## Data excerpts

=== Section Start ===

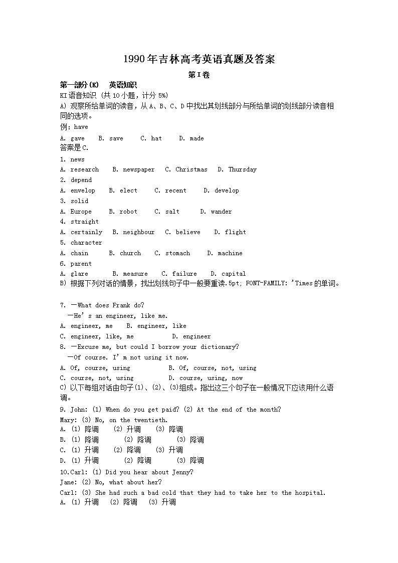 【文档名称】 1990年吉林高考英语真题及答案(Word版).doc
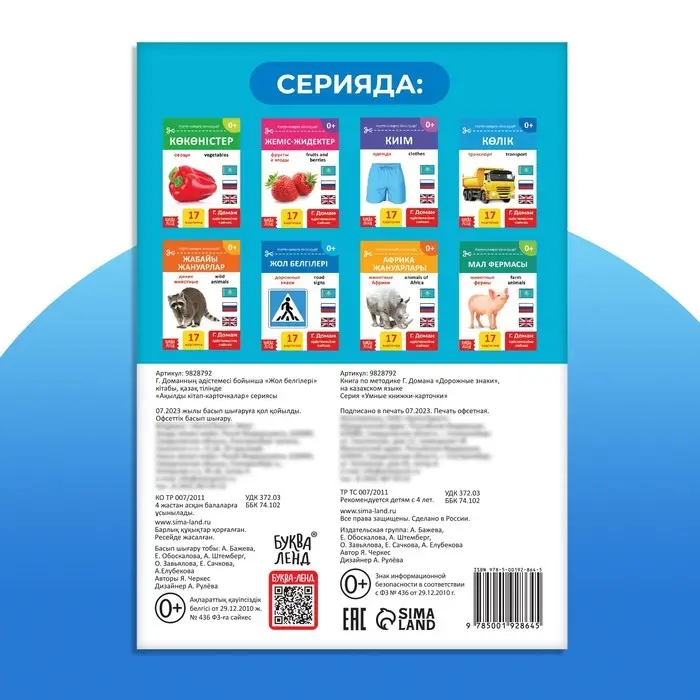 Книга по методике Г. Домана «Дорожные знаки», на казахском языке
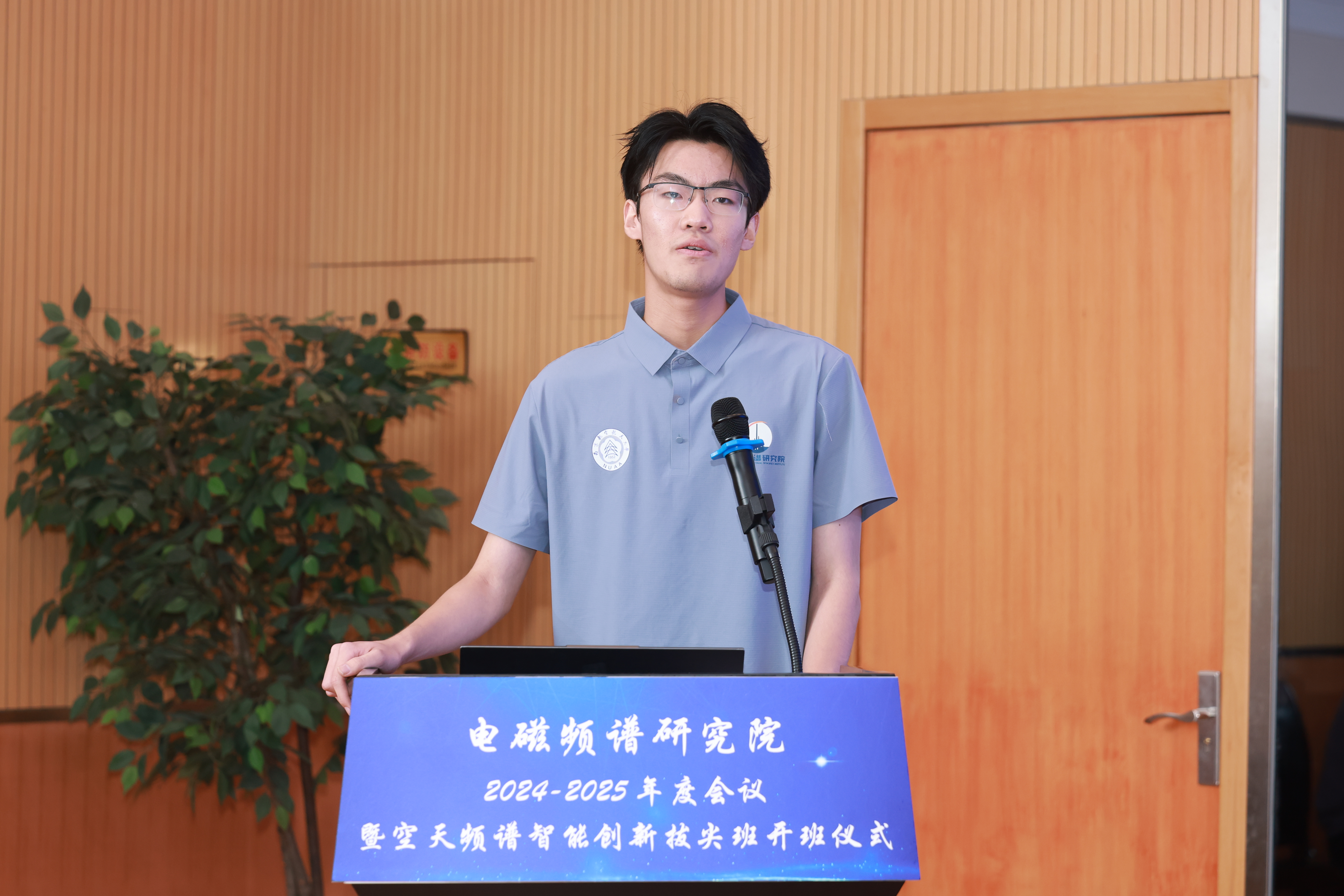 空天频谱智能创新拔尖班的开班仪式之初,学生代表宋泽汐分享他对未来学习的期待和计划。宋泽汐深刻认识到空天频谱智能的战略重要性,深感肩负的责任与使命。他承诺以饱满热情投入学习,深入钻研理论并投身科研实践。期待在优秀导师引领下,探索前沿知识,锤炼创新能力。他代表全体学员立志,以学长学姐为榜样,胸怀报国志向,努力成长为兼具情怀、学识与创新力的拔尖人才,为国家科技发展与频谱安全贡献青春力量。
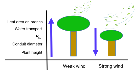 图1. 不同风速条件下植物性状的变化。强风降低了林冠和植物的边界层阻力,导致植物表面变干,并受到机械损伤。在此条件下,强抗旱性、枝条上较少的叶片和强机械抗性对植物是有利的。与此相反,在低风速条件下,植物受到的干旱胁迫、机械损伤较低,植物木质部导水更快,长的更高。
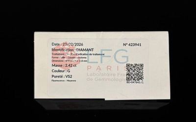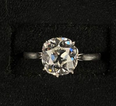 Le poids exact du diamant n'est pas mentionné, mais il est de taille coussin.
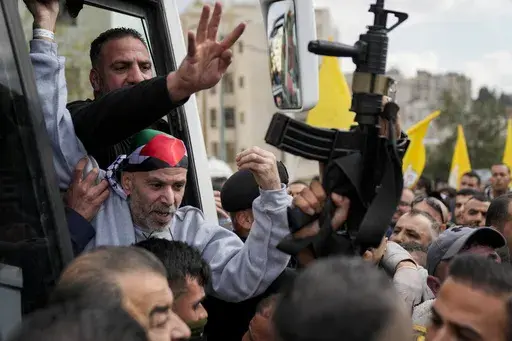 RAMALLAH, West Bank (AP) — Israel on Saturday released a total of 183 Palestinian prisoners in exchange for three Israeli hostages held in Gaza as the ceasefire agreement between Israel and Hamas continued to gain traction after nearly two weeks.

=== Section End ===

What the answer needs is every line from the one containing "Le poids exact" through the final line of the data above, copied exactly, without pictures.

 Le poids exact du diamant n'est pas mentionné, mais il est de taille coussin.
 RAMALLAH, West Bank (AP) — Israel on Saturday released a total of 183 Palestinian prisoners in exchange for three Israeli hostages held in Gaza as the ceasefire agreement between Israel and Hamas continued to gain traction after nearly two weeks.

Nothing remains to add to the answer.